Iacta stips: il deposito votivo della sorgente di Doccia della Testa a San Casciano dei Bagni (Siena)
Bryn Mawr Classical Review, 24-02-2014, Ingrid M. Edlund-Berry
Much of our knowledge of religious practices in ancient Italy is derived from the study of texts as well as from archaeological remains of sanctuaries, including temples and altars. But, it is the abundance of objects from all over central Italy, found in what are commonly known as votive deposits, that allows us to investigate the evidence for rituals and beliefs as documented by individuals of different social classes. At the same time, the earlier archaeological tradition of excavating and documenting these votive deposits has done a great deal of harm to our understanding of the context and variety of this material, since it is rare to find a deposit for which we have the context, and one where all or most of the material has been documented carefully.
Therefore, it is particularly reassuring to find that the first chapter in this publication by Mario Iozzo is devoted to a detailed description of how the votive deposit was discovered in 2004 at the spring known as Doccia della Testa at San Casciano dei Bagni in the province of Siena. (For non-Italian readers, a map of the area and site photographs would have been appreciated.) The context, within the spring proper, defines the deposit as a type that reflects both southern and northern Etruscan traditions in that it contains anatomical body parts, common to central Italy, but these are made of bronze, a feature characteristic of northern Etruria. It should also be noted that the deposit seems to have been tied directly to the presence of water, and that the spring itself thus constituted the sacred place where offerings were presented to the deities.
As part of the first chapter, Iozzo further discusses the contents of the deposit, dating from 500/490 B.C. to the time of Maxentius (306-312 AD) and analyzes the historical and topographical context. The types of finds range from bronze statuettes, a bronze ear and breast
to coins, and earlier discoveries in the area including an inscribed travertine altar and a marble statue of a crouching Aphrodite/Venus from the time of Trajan, as well as small objects and remains of what was probably a Roman bath complex from the Imperial period. As in other parts of central Italy, springs are abundant, and offerings of many kinds have been made throughout history to invoke divine protection of good water.
While the importance of water and related votive deposits is commonly accepted, the question of which deities were the recipients of such offerings is much debated. The use of anatomical votives is sometimes ascribed to the practices at the sanctuary of Asklepios at Epidauros, although this type of votive is also native to ancient Italy. One of the bronze votive figurines portrays Hercle in a resting pose, and may indicate his connection with water as a healing god, whereas the votive bronze breast may suggest that a female deity protected the healing waters of the sacred spring.
The following chapters present the different types of objects in the votive deposit, the bronze statuettes and related objects (by Mario Iozzo), the coins (by Michele Asolati), and the travertine altar (by Chantal Gabrielli).
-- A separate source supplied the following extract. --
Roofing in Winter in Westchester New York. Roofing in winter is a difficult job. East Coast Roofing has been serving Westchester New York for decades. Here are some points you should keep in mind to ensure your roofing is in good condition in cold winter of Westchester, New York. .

Each object is described in the format of a catalogue entry, and provides evidence for the variety of material as well as evidence for the date of the deposit.
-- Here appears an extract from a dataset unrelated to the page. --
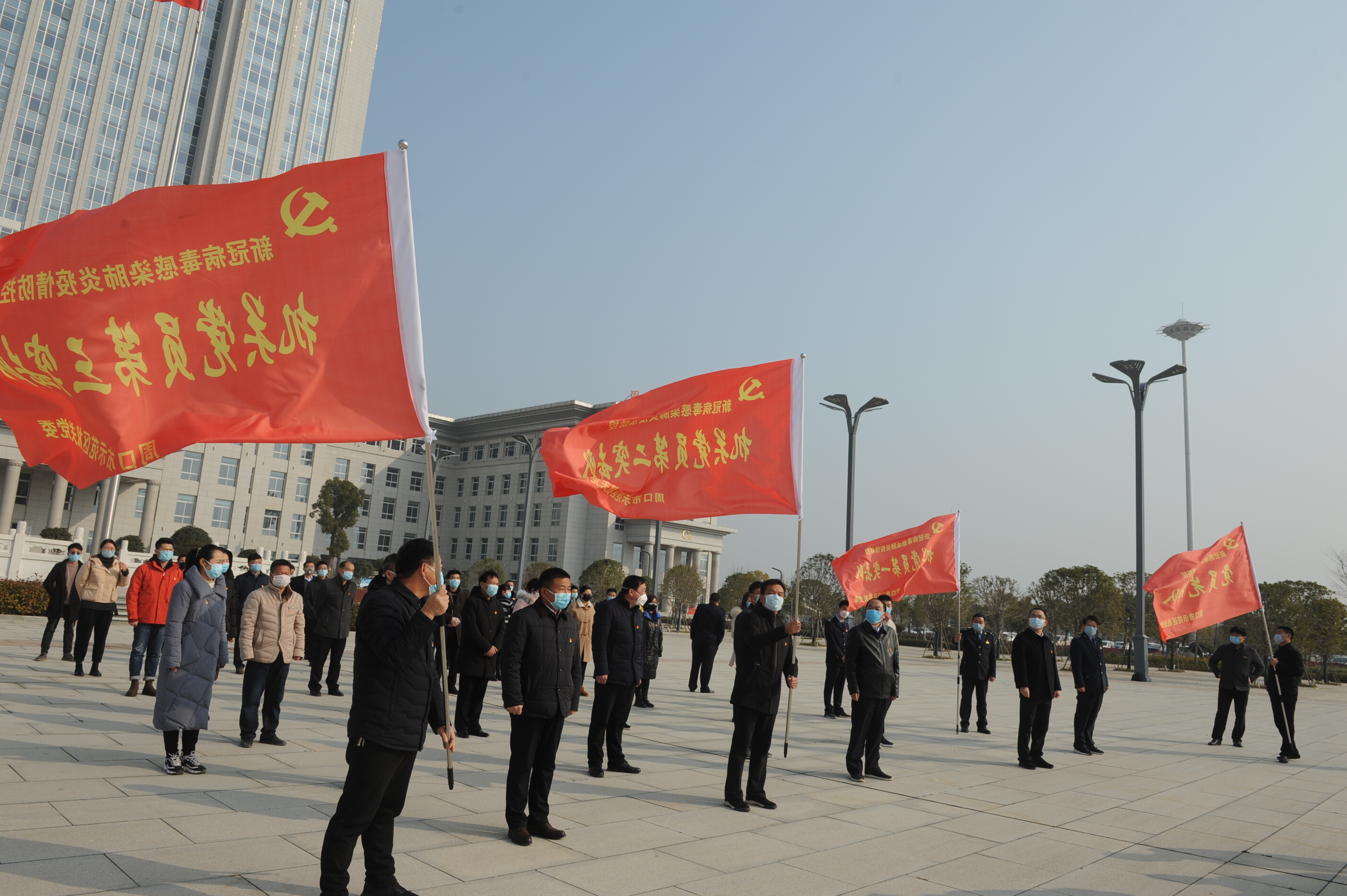 2月3日上午,在国旗下、党旗前,示范区广大党员干部面对党旗重温入党誓词,充分展示了广大党员干部主动请战到战“疫”一线的决心和信心。随后,区机关党委相关领导向党员先锋队和3个党员突击队授予队旗,希望他们坚守在一线、圆满完成疫情防控的各项任务。

The earliest object is a bronze statuette of a standing female figure of a well-known type dated to the late-sixth century B.C. The other three statuettes represent a standing male, a male holding a scythe, and the resting Hercle. Of the two anatomical votives, the right ear represents a type common in terracotta, but very rare in bronze. The other piece is a bronze breast with an inscribed dedication in Latin by Avidiena Eutyche, a dedicant who most likely was a freedwoman in the gens
Avidiena who also carried the very common Greek name Eutyche. The two remaining objects discussed are a fragment of a small bronze serpent, and a statue base in marble intended to support a statuette, perhaps of bronze.
The chapter on coins contains sixty-seven entries, ranging from one rectangular bronze bar of unknown date to one follis coin from the time of Maxentius. Unfortunately, the coins are poorly preserved, and may represent only a fraction of a one-time deposit (thesaurus). The coins include a few sesterces but mostly asses, and range in date from the time of Tiberius to Trajan Decius. The lack of earlier coins is puzzling, but may be the result of the find circumstances.
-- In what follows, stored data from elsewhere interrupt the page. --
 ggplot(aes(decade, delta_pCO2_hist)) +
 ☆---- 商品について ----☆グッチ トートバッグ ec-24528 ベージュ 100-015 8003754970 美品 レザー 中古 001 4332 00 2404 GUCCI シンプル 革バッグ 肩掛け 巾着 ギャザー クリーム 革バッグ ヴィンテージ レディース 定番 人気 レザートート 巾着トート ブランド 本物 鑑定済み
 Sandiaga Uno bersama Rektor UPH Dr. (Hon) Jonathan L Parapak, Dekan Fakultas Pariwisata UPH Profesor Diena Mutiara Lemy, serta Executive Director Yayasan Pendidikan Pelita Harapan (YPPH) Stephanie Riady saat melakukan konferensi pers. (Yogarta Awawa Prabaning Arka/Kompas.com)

The last chapter introduces a travertine altar with a dedication to Aesculapius and Hygia (Hygieia), known already in the 16th century. The text, in Latin, suggests that the altar was dedicated by a freedwoman, Ephaestas, to the two deities in gratitude for the healing of Caius and Pomponia. The altar is known from earlier publications, and the text has been variously interpreted, but may include the name of the emperor Lucius Verus (161-169 AD).
This presentation of a modest votive deposit is a very attractive and useful publication. Iozzo’s introductory chapter contains a thorough, yet succinct, summary of the topics and questions relevant for any study of ancient votive deposits and their historical and cultural importance. Bibliographical references further illustrate the ongoing research in this field. The chapters on the different types of objects present all essential information, including excellent photographs and references.
In addition, the reasonable price is a further incentive for individual students and scholars, as well as libraries, to acquire this volume as a useful tool for the study of cults and sacred places in ancient Italy.